I guess it depends on how personal you believe God is. Maybe viewing God as a father makes sense if that's how you relate to him in your personal relationship with him. From an outsider's perspective, though, if God is a father, he seems to be a very abusive and neglectful one.

Artists are pretty abusive with their creations, too. Over here we'll have a kid with bone cancer, over there we'll have a midnight tornado to kill off everyone living in that apartment block, over here we'll paint a rainbow with some happy little flowers... I'll write a side character whose only purpose in this story is to suffer and die to show the stakes the main character is up against. I'll design fake lakes in the middle of the desert so that when players go to them in an effort to lower their dehydration stat, they'll be too deep in the desert to find real water and die.

Why eternal damnation? Because it's a part of God's design. You think he wants to remedy our suffering? He's the one who created it for his own sick fantasies. And as Job learned, who are we to talk back? We can't stop him. We just have to let him use us as his cosmic playthings. Satan in Paradise Lost learns that one the hard way; theism is a cosmic horror story.

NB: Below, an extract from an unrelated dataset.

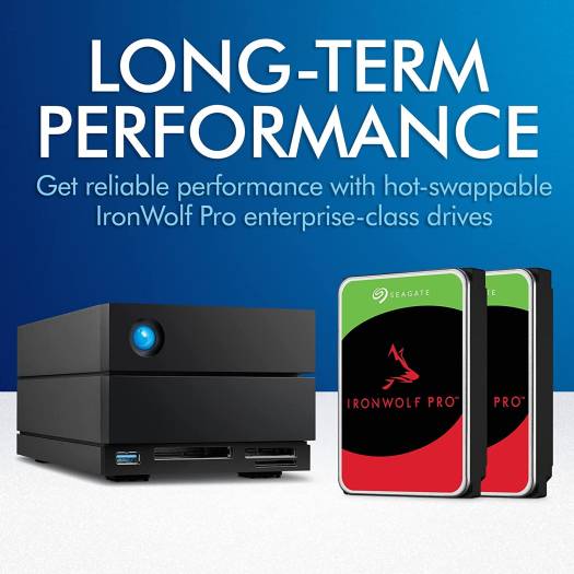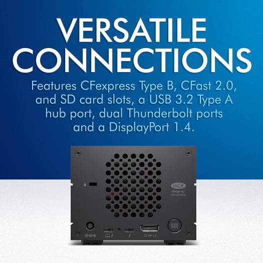 If you’ve been looking for a powerful and versatile Thunderbolt 3 docking station that restores many of the ports and connectivity that have been removed on modern day laptops, take a look at the 20TB 2big Dock 2-Bay Thunderbolt 3 RAID Array from LaCie. The 2big Thunderbolt 3 Dock delivers a storage capacity of 20TB, which is comprised of two 10TB Seagate IronWolf Pro 7200 rpm SATA III 3.5″ enterprise-class hard drives. While the 2big is compatible with Windows 10 and macOS 10.12, it comes formatted as HFS+ for Mac, and is configured as hardware-controlled RAID 0, which provides performance gains, but no data redundancy. Also supported is RAID 1 and JBOD. 16TB Capacity (2 x 8TB Hard Drives) 2 x Thunderbolt 3 1 x USB Type-A | 1 x DisplayPort 1.4 CompactFlash | CFast 2.0 | SD Card Supports RAID 0, 1, and JBOD

In my opinion, at least. I don't believe in God, but, even when I did, I could never believe that God was benevolent. Even as a kid, the problem of natural suffering was too glaring for me. If we should be grateful for our broccoli because there are children starving in Africa, why doesn't God give the African children the broccoli that the other kids don't want to eat? He has the power to, right? But he chooses not to help in any meaningful way. I used to imagine him sitting back and watching with a bag of popcorn on some fluffy cloud in Heaven, laughing at all the slaughter and torment in the world.

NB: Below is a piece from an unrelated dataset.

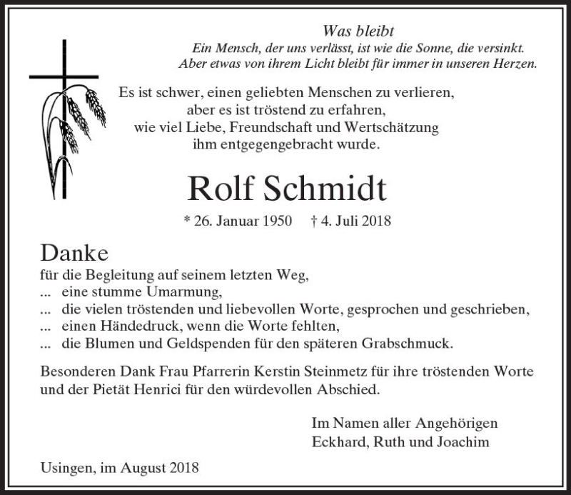 Hier finden Sie alle Traueranzeigen aus der Zeitung, die bisher für Rolf Schmidt erschienen sind. Weitere Traueranzeigen, die in der Zeitung erscheinen, werden hier ebenfalls aufgelistet

The only reason we call God "good" is because ancient people were terrified of God, so they praised him in the hope of earning his favor. That's why we still have the concept of the "fear of God" and the "act of God" to this day. It's why blasphemy is the gravest sin. After awhile, we ended up associating "good" with "obedience to God," and under that definition God is necessarily the most good. It's not any form of "goodness" we would recognize from our mortal standpoint, but who are we to challenge God's morality with our own? We don't have any way to counter his compelling might-makes-right demonstrations; we just have to keep our heads down and hope he doesn't kill our firstborn son to get at a local politician.

God created them because he wanted to watch them suffer. It's the only coherent answer. It's the one that people twist themselves in knots trying to avoid, but there's not really a way around it. Or there's no God, which is what I find myself concluding, but that's a separate conversation that doesn't have much to do with the Problem of Hell or the Problem of Evil.
 

mangalavara

सो ऽहम्
Premium Member
If someone who is bound for an eternal damnation is fully known by God before they are created, why did God create them in the first place?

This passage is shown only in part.